In that regard, PhinisheD/FinishEdD is doing exactly what Jean envisioned. Although primarily intended for doctoral-degree seekers and holders who are people of color or first-generation, the private page has members from various ethnic groups in countries beyond the United States, including Canada, China, Nigeria, the United Kingdom and United Arab Emirates. About 70 percent are women.

“I noticed others using Facebook as a toy, not a tool,” said Jean. “I set it up as a motivation and resource page, and by the end of the first month I had 1,000 members. I started updating it more and posting pictures, and it just took off and has become an unbelievable network that helps people stay on task and be motivated.”

The page is a forum for soliciting and offering specific advice, seeking and providing encouragement and celebrating milestones up to and through degree completion. As added motivation, new graduates usually tag #WhoGotNext when posting their picture and announcement.

“People develop accountability partners through the page,” said Jean, who earned an Ed.D. in higher education leadership at Seton Hall University.

Observing need and growing demand for support among doctoral students, Jean expanded the mission of PhinisheD/FinishEdD to include a summit for doctoral students each semester. The next one, March 30 in New York City, is on track to have 100 attendees, quadrupling attendance last fall, he said.

Jean, the U.S.-born child of Haitian immigrants, attended a magnet school in New Jersey.
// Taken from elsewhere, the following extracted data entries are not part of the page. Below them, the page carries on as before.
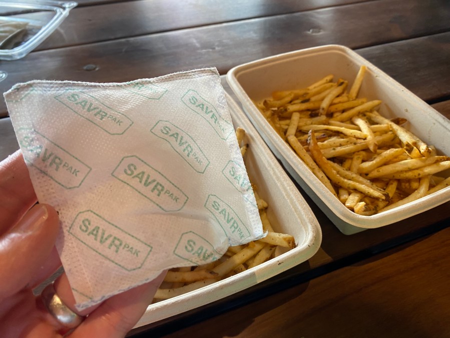 Each SAVRPak costs about 25 cents and they are made from food-grade materials, although you don’t want to eat one. Also, each pack is recyclable. SAVRPack says its freshness packet works with a variety of foods including many hot fried foods, pizza and even salads.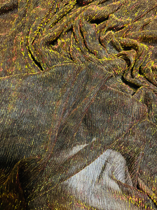 Deluxe iridescent metallic mesh red/gold 2-way stretch 58/60” High quality fabrics by AlexLAFabrics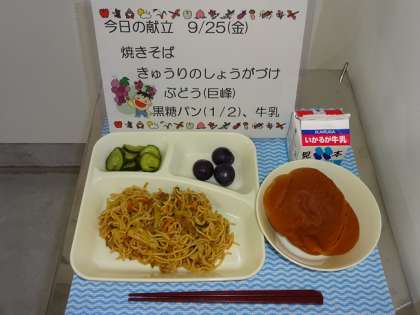 今日の給食では、焼きそばとして使用しています。大阪では、定食としても存在し、焼きそばをおかずにして、ご飯やみそ汁を食べる習慣があります。このような組み合わせの場合、「炭水化物ばかりの組み合わせだ。」とよく言われます。給食の場合も、パンとの組み合わせで提供しており、よくこのように言われます。しかし、給食の場合は、その点も調整しており、炭水化物ばかりで、栄養バランスを崩しているようなことはありませんのでご安心ください。炭水化物の量は、糖質の量であらわされており、各ご家庭に配布している献立表にも掲載しておりますので、他の献立と比べてとくに糖質の量が多いということはないとわかっていただけると思います。

When he was in the eighth grade, his father died and his grades plummeted.

But thanks to a program for low-income, highly motivated students – the very program he now directs – Jean eventually got his groove back and earned a bachelor’s degree in public communications at Ramapo College of New Jersey and a master’s degree in higher education counseling at Montclair State University.

He decided to earn a doctoral degree, and credits participation in a conference for minority doctoral students through SREB as a tremendous support. That experience inspired him to create new pathways to doctoral degrees for underrepresented students like him, including his first doctoral summit at Montclair State in fall 2016.

Jean has given more than 600 keynote speeches, presentations and trainings across the nation, primarily for graduate students. His mission, he said, is inspired by Dr. Ansley Abraham and Abraham’s work as founding director of the Southern Regional Education Board (SREB) State Doctoral Scholars Program in Atlanta.

Now in its 26th year, the program presents various initiatives, including hosting the largest gathering of minority doctoral students in the nation. It has directly supported nearly 1,700 scholars, with about 80 percent of its nearly 1,000 graduates working in education, said Abraham.

Those alums include Jean, whose passion and efforts to create diverse communities of scholars and increase inclusion in academia were praised by Abraham.

“I love what he’s doing,” said Abraham. “We need a whole lot more Daniel Jeans out there, understanding what the issues are and really trying to push this system in a way it’s not used to being pushed. He’s been very, very successful.”

Dr. Renetta Garrison Tull, associate vice provost for strategic initiatives in the graduate school of University of Maryland Baltimore County’s College of Engineering and Information Technology, met Jean at an SREB conference. She was so impressed with his presentation that the school began bringing him to campus for mentoring in residence and other initiatives.

His innovative methods of mentoring were so helpful at the graduate level that the university has had him also work with undergraduates, she said.

“He has a personal testimony that resonates with students,” said Tull. “He infuses a lot of pop culture, which resonates with students, and he is powerful and affirming.”